Mr. Barr said the “large preponderance” of protests have been peaceful, but “there are extremist agitators who are hijacking the protests to pursue their own separate and violent agenda.”

In the nation’s capital, massive unrest over the weekend led to vandalism at buildings near the White House and a fire at historic St. John’s Episcopal Church.

By Monday, the city had imposed a 7 p.m. curfew.

That day, federal officers, who patrol the city’s large amount of federal territory, pushed protesters out of Lafayette Park, which stands in between St. John’s and the White House.

The decision has drawn scrutiny from Capitol Hill, where Democrats said Mr. Trump turned the Secret Service into a tool of fascism in dispersing the protests.

House Speaker Nancy Pelosi, California Democrat, demanded an investigation.
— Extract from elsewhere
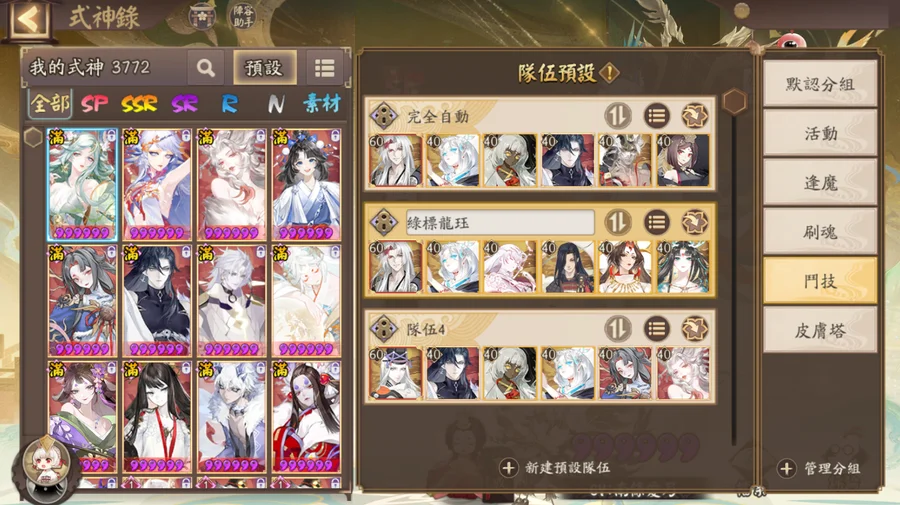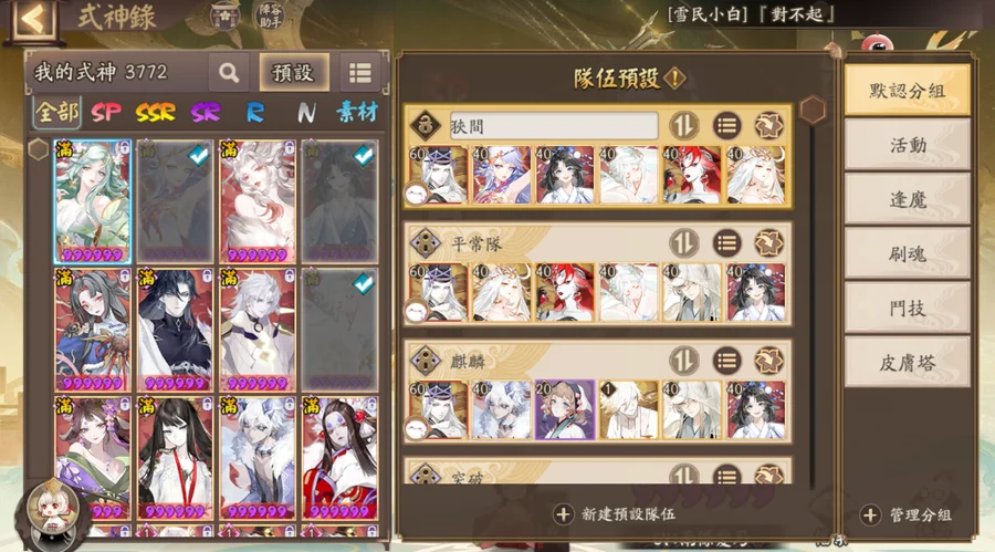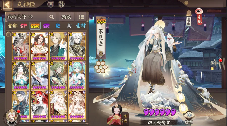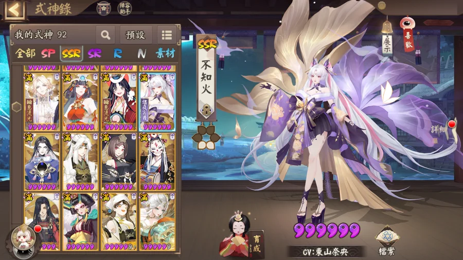SSR全圖鑑收集(55/55)SP除了以下式神其他都有(33/45):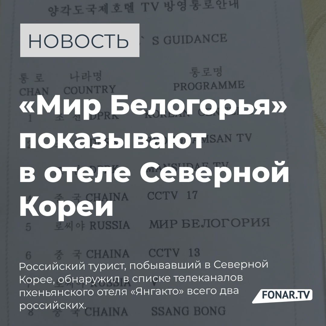🏨 «Мир Белогорья» — в эфире Пхеньяна! (или как белгородский телеканал оказался в самом закрытом государстве мира). Пожалуй, один из самых неожиданных travel-фактов года: российский турист, посетивший Северную Корею весной 2025 года, обнаружил в своём пхеньянском отеле не что-нибудь, а телеканал «Мир Белогорья»! Да-да, региональный канал из Белгородской области спокойно вещал на телеэкране гостиницы «Янгакто» — вместе с репортажами о Ким Чен Ыне и китайским CCTV13. Всего в номере ловилось всего девять каналов, и лишь два из России. Второй — загадочный «V», возможно, это «Пятый канал» или «Ю», но «Мир Белогорья» точно было на месте. Турист признался, что раньше о таком канале и не слышал — теперь точно не забудет. Показывают ли белгородские новости во всех отелях Пхеньяна — неизвестно. Но сам факт: пока мир спорит о санкциях и геополитике, где-то под портретами Ким Ир Сена кто-то может смотреть утренний эфир про сельское хозяйство Белгородчины (и не только). 🔦Подпишись на «Фонарь»

“We are concerned about the increased militarization and lack of clarity that may increase chaos,” she said, demanding a list of the federal agencies that have been involved in policing the city’s protests. “Congress and the American people need to know who is in charge, what is the chain of command, what is the mission, and by what authority is the National Guard from other states operating in the capital.”

Sen. Kamala D. Harris, California Democrat, said Mr. Barr, who oversaw the clearing of Lafayette Park, orchestrated an “assault on our citizens’ constitutional rights of free expression and peaceful assembly.”

Black Lives Matter and the American Civil Liberties Union filed a lawsuit Thursday against the Trump administration over the incident, saying it violated the constitutional rights of the demonstrators.

The lawsuit, which was filed in a D.C. federal court and names Mr. Trump and Mr. Barr as defendants, accuses officers of attacking protesters without warning and using excessive force in “unprovoked criminal attack.”

Mr. Barr said some protesters had become violent and buildings had been set on fire and vandalized the night before.

Rioters used crowbars to dig out pavement and throw it at federal officers, he said, resulting in 114 injuries. Twenty-two of the officers were hospitalized with serious head injuries or concussions, he said.

He said they realized that if the protesters were allowed to be at Lafayette Park or on H Street, they would be in throwing range of officers guarding the White House, so they pushed the perimeter back a block.

Mr. Barr also told reporters that protesters were asked three times to move back before the authorities began to push them back. He said the rioting was interfering with the government’s functions.

Officials have said they used pepper balls and other less-lethal means, not tear gas, to disperse the crowd.

Mr. Barr said authorities have shrunk the protective perimeter after mostly peaceful protests the last several days. The attorney general also defended Mr. Trump’s decision to walk across the park to the church, where he stood holding a Bible.

“The president should be able to walk outside the White House and walk across the street,” he said. “I don’t view it as a political act, I think it is entirely appropriate for him to do that.

“There was no correlation between our tactical plan to move the perimeter out by one block and the president going over to the church.”